A risk-off vibe has been overhanging the market, with commodity currencies underperforming over the past 24 hours, albeit with no fresh damage done to the NZD and AUD overnight. US Treasury yields are lower, with the market supported by a series of weaker US economic indicators.
On the calendar overnight were a series of second-tier US economic indicators but they have proven to be market moving, as they all conveyed the same message of a weaker US economy. Initial jobless claims jumped 13k to a higher-than-expected 231k last week, a 12-week high, while continuing claims jumped 32k to 1.865m, their highest level in almost two years. The data are consistent with some clear softening in labour market conditions, with rising job layoffs and a more difficult environment to get re-employed.
Industrial production fell by a larger than expected 0.6% m/m in October, with the UAW strike driving a 10% plunge in motor vehicle production. The NAHB homebuilder sentiment index also undershot expectations, falling 6pts to 34, its lowest level this year, suggesting a lack of confidence in the building market against a backdrop of poor affordability. The Philly Fed business outlook index was the only indicator to positively surprise, although it remained in negative territory at -5.9 and had a weaker underbelly, with new orders, shipments and employment all weaker.
The weaker data flow supported the Treasuries market as did weaker risk sentiment during Asian trading hours, sending the US 10-year rate down to as low as 4.43%, close to the recent low. As we go to print, the yield is 4.44%, down 9bps for the day and 6bps lower from the NZ close.
The softer data gave an excuse for equity investors to pull their horns in, with the S&P500 down slightly in early afternoon trading after its recent strong rebound.
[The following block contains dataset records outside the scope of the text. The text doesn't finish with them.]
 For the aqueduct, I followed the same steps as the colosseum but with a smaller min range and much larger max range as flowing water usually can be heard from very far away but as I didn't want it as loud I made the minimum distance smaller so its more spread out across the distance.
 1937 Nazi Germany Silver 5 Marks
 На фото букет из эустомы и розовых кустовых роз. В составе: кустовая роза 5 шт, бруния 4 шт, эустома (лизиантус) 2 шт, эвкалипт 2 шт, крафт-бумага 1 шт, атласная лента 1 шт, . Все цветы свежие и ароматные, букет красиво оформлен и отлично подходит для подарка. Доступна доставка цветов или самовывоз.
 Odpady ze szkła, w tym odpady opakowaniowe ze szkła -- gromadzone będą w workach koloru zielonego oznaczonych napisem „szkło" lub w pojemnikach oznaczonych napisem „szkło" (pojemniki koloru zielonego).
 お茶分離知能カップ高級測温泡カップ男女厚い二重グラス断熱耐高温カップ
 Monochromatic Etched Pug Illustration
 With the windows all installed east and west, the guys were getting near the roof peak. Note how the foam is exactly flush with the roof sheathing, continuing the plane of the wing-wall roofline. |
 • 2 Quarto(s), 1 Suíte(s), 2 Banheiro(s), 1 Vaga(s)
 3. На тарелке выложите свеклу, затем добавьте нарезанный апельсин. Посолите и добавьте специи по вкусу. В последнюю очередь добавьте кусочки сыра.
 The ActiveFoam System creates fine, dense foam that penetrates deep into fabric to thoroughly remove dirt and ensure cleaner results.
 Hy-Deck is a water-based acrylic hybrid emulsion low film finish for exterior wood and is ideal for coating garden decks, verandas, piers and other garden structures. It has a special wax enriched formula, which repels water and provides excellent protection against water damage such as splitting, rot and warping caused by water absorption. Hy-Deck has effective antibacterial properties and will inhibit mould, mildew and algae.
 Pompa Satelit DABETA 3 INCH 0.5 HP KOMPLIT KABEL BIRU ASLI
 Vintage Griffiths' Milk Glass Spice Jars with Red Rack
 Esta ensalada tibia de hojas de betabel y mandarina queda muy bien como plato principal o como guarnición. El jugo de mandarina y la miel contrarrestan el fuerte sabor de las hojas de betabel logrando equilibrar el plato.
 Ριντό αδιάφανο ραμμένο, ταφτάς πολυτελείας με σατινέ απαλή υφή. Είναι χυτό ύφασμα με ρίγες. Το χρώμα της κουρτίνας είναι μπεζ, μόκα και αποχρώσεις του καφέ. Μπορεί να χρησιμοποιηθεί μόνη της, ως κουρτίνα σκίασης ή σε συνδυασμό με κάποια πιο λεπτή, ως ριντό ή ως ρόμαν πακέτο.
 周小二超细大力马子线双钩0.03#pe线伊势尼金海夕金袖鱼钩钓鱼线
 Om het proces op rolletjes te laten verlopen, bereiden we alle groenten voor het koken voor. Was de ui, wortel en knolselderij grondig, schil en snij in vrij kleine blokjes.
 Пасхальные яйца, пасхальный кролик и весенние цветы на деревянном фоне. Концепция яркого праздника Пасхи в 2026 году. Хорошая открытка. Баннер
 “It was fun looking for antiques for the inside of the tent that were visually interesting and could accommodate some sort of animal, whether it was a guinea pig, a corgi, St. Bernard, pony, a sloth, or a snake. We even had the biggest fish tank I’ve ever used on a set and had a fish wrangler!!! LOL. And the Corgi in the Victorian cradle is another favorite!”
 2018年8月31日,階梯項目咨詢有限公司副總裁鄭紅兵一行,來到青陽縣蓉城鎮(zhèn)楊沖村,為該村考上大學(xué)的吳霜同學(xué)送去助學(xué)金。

Oil prices are down close to 5%, with Brent crude down to a USD77 handle, with the recent break of technical levels, signs of higher US crude inventories, the weaker economic data flow and trading desks reporting bearish option plays all being contributing factors.
In currency markets, weaker risk sentiment prevailed during Asian trading hours for no obvious reason, although the move seemed to coincide with another weaker reading on Chinese house prices that sent the yuan on a weaker trajectory and, by the NZ close, the NZD was down to 0.5980 and the AUD was down to 0.6470.
The yuan reversed course and the NZD managed to regain the 0.60 level overnight before falling back down and it currently trades at 0.5985. Whether coincidental or not, the stronger yuan has seen sustained following what seems to be improved US-China relations. Presidents Xi and Biden met for hours of talks in San Francisco. After the meetings, President Biden tweeted a series of warm fuzzies including that the meetings “were some of the most constructive and productive discussions we’ve had” and he announced that the two countries are resuming military-to-military communications. At a post meeting speech, President Xi played down prevailing fears around any possible future military action, saying that “China does not seek spheres influence and will not fight a cold war or a hot war with anyone”.
While NZD/AUD has been range-trading and NZD/CAD has recovered overnight, with CAD dragged down by weaker oil prices, the NZD is weaker on the other crosses. The yen has been supported by the lower rates backdrop and NZD/JPY has fallen to 90. NZD/EUR and NZD/GBP are both down about 0.7% from this time yesterday to just over 0.48 and just over 0.55 respectively.
The domestic rates market put in a good performance against the backdrop of higher Treasury yields since the prior NZ close. This saw the NZ-US 10-year bond spread closing down at 48bps. The government bond tender saw strong demand for the 2029s on offer, with the bid-cover ratio close to 6 and a near 4bps premium to prevailing mids, while the longer dated bonds on offer saw much weaker demand. This resulted in some further curve steepening, with 5-10 year rates down 1-2bps against a 2-3bps lift in the ultra-long bonds. In the swaps market, the 2-year rate continued to push lower, down 3bps to 5.16% while the 10-year rate was 2bps higher at 4.87%.
REINZ data showed further positive momentum in the NZ housing market, supported by a surge in net migration. The number of house sales was up 8% y/y in October and the house price index rose for a fifth consecutive month and a cumulative 3.9%, after its 18% peak-to-trough fall, although some positive seasonality has contributed to that recovery.
On the calendar in the day ahead there are only second-tier releases, including NZ PPI, UK retail sales and US building permits and housing starts.